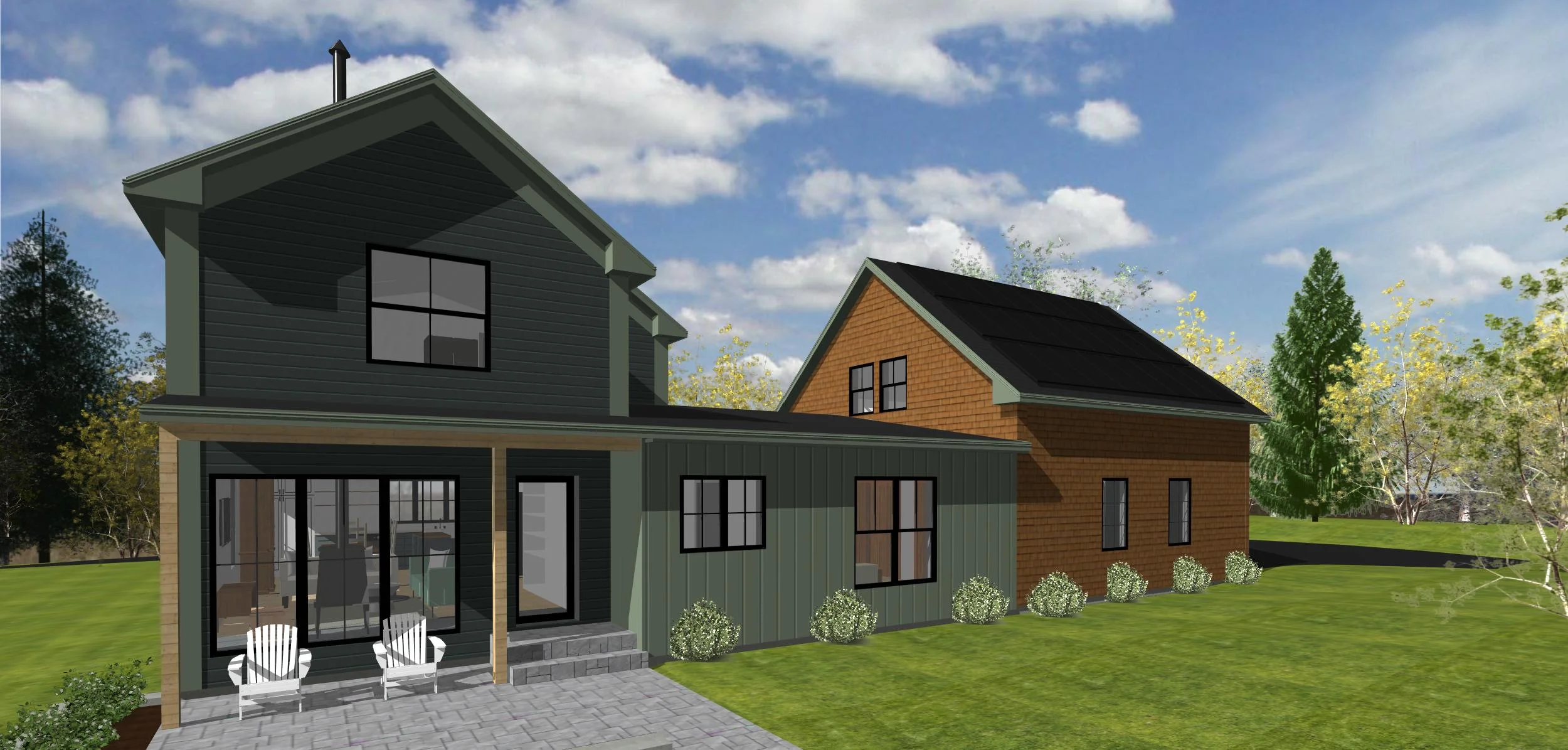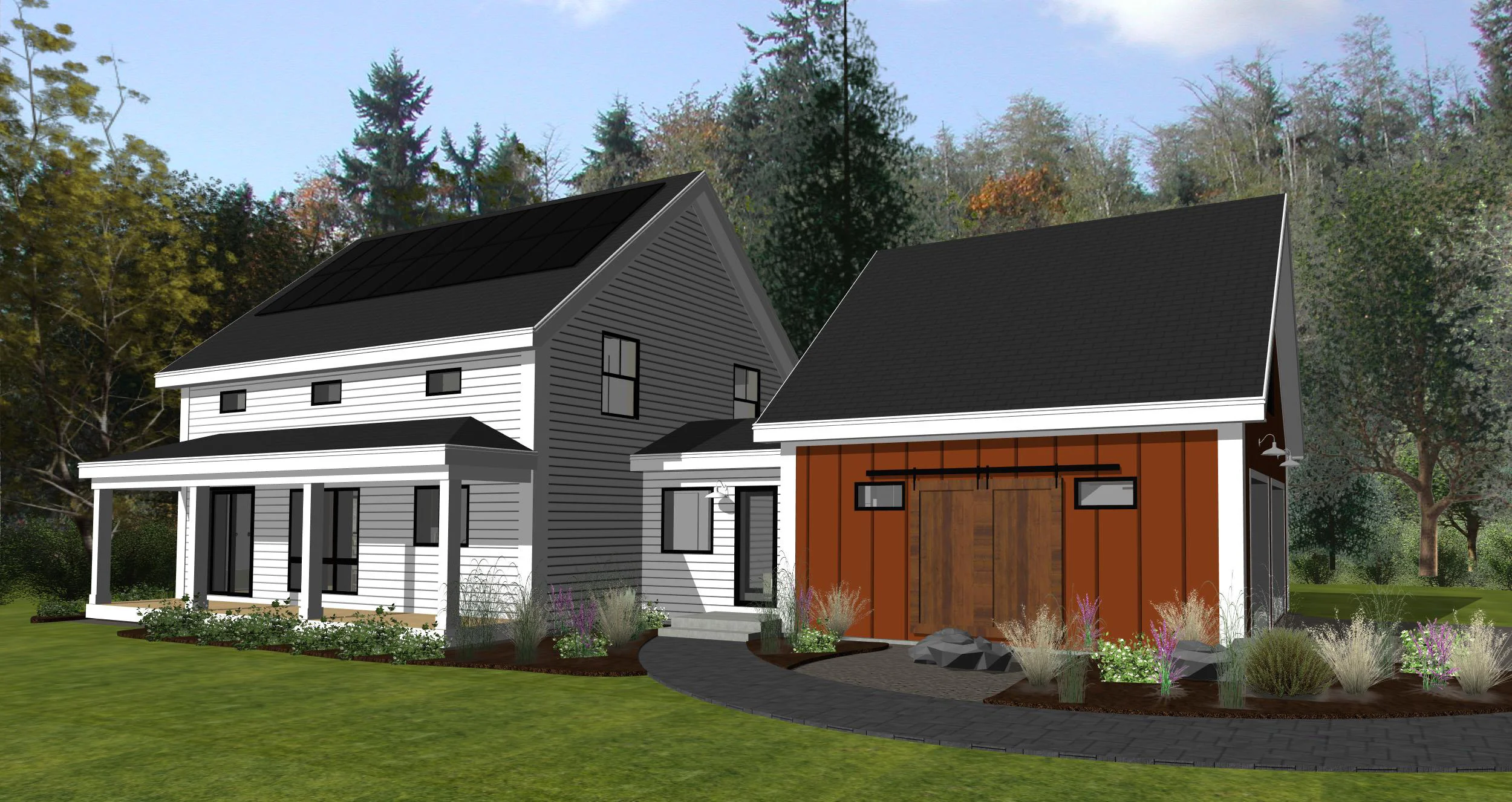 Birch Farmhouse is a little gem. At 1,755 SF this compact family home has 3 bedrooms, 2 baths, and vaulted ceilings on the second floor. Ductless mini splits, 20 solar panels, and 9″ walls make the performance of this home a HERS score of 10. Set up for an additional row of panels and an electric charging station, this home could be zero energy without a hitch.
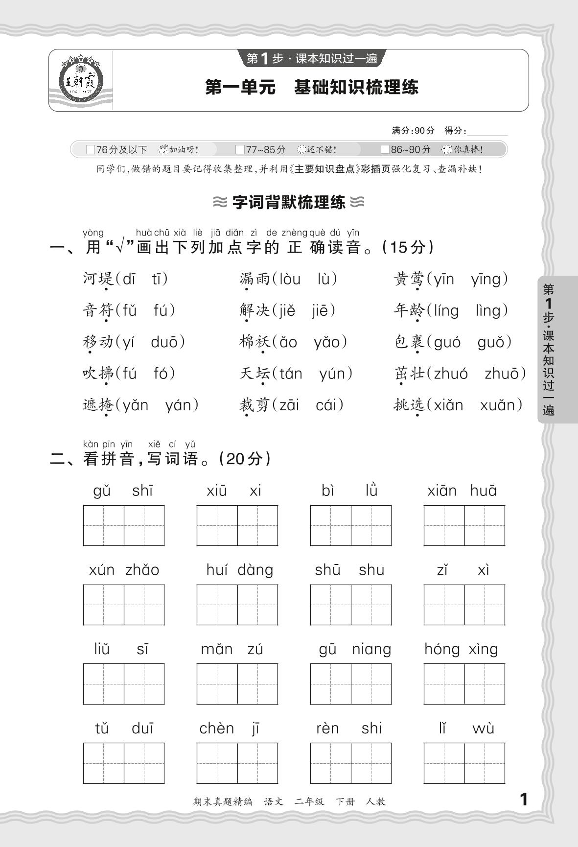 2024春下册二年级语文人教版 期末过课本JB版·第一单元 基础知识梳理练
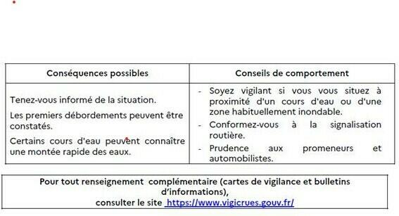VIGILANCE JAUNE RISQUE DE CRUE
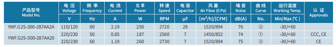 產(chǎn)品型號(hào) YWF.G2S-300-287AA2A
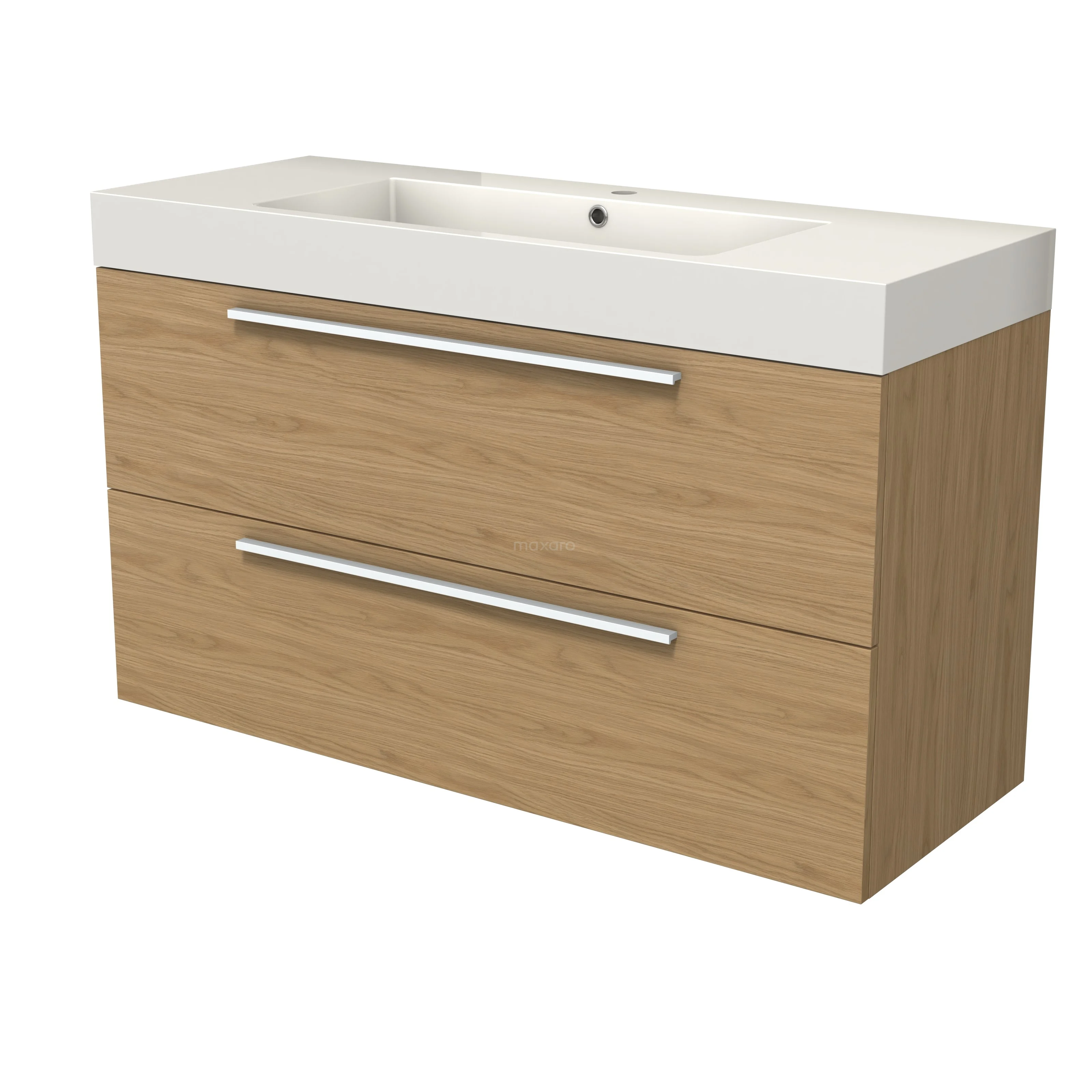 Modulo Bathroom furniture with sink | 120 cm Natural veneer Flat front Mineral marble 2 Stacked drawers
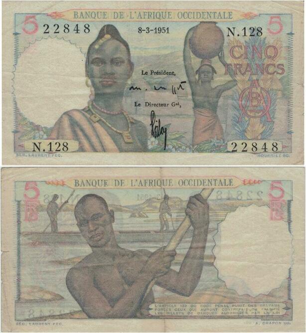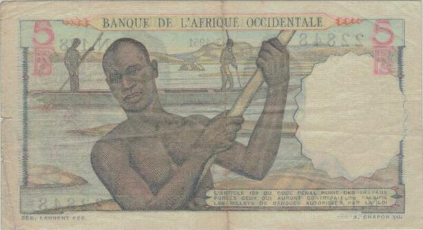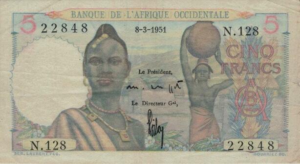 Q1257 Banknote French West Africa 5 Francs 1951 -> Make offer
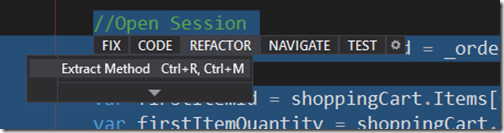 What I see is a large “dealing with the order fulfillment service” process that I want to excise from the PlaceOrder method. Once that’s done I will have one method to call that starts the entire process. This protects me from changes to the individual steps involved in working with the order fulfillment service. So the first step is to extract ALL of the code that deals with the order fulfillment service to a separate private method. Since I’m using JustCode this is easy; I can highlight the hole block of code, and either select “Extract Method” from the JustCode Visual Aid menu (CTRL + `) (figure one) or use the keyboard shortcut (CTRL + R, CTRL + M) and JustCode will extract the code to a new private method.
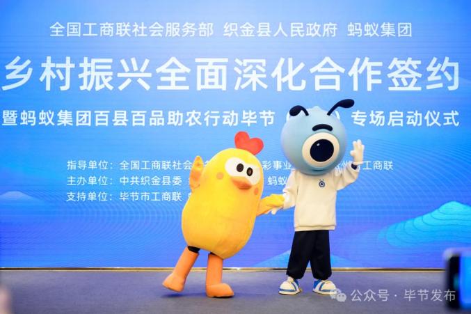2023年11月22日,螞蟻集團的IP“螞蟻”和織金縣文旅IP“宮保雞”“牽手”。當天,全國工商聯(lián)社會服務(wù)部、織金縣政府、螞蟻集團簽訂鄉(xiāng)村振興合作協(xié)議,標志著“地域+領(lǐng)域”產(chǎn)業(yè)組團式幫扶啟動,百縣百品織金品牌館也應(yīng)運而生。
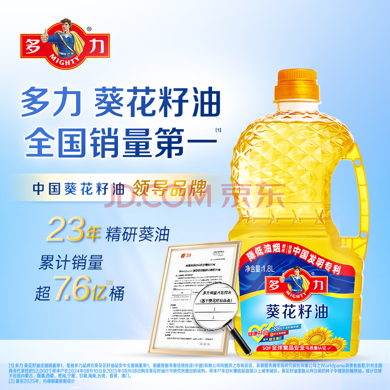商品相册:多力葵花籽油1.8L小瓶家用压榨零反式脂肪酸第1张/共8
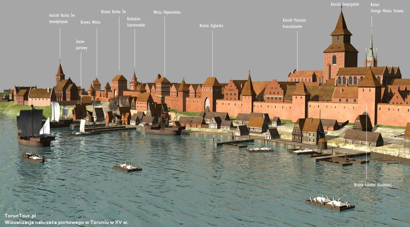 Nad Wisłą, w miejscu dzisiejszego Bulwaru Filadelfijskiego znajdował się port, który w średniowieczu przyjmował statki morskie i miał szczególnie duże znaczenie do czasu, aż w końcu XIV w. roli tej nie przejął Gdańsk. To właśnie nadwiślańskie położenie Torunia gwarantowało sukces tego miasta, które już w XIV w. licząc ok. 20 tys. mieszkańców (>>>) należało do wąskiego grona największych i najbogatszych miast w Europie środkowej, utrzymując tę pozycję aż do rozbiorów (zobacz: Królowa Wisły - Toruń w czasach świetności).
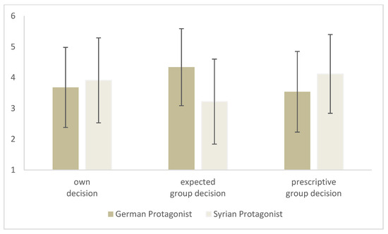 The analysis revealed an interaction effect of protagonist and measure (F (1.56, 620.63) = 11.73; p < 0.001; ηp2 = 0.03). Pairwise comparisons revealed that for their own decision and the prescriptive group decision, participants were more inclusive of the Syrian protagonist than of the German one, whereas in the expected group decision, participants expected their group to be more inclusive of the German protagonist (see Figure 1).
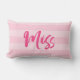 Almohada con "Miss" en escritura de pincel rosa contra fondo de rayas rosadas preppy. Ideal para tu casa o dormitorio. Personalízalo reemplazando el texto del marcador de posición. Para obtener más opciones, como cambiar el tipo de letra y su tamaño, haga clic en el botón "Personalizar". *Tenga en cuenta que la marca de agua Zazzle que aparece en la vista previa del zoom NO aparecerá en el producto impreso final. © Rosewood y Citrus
===============
- **Aim of the task**: The expected answer consists solely of the lines from the one with "商品相册:多力葵花籽油1.8L小瓶家用压榨零反式脂肪酸第1张/共8" through the last line of the listing above, restated exactly, minus any pictures.

- **Response to the task**:
商品相册:多力葵花籽油1.8L小瓶家用压榨零反式脂肪酸第1张/共8
 Nad Wisłą, w miejscu dzisiejszego Bulwaru Filadelfijskiego znajdował się port, który w średniowieczu przyjmował statki morskie i miał szczególnie duże znaczenie do czasu, aż w końcu XIV w. roli tej nie przejął Gdańsk. To właśnie nadwiślańskie położenie Torunia gwarantowało sukces tego miasta, które już w XIV w. licząc ok. 20 tys. mieszkańców (>>>) należało do wąskiego grona największych i najbogatszych miast w Europie środkowej, utrzymując tę pozycję aż do rozbiorów (zobacz: Królowa Wisły - Toruń w czasach świetności).
 The analysis revealed an interaction effect of protagonist and measure (F (1.56, 620.63) = 11.73; p < 0.001; ηp2 = 0.03). Pairwise comparisons revealed that for their own decision and the prescriptive group decision, participants were more inclusive of the Syrian protagonist than of the German one, whereas in the expected group decision, participants expected their group to be more inclusive of the German protagonist (see Figure 1).
 Almohada con "Miss" en escritura de pincel rosa contra fondo de rayas rosadas preppy. Ideal para tu casa o dormitorio. Personalízalo reemplazando el texto del marcador de posición. Para obtener más opciones, como cambiar el tipo de letra y su tamaño, haga clic en el botón "Personalizar". *Tenga en cuenta que la marca de agua Zazzle que aparece en la vista previa del zoom NO aparecerá en el producto impreso final. © Rosewood y Citrus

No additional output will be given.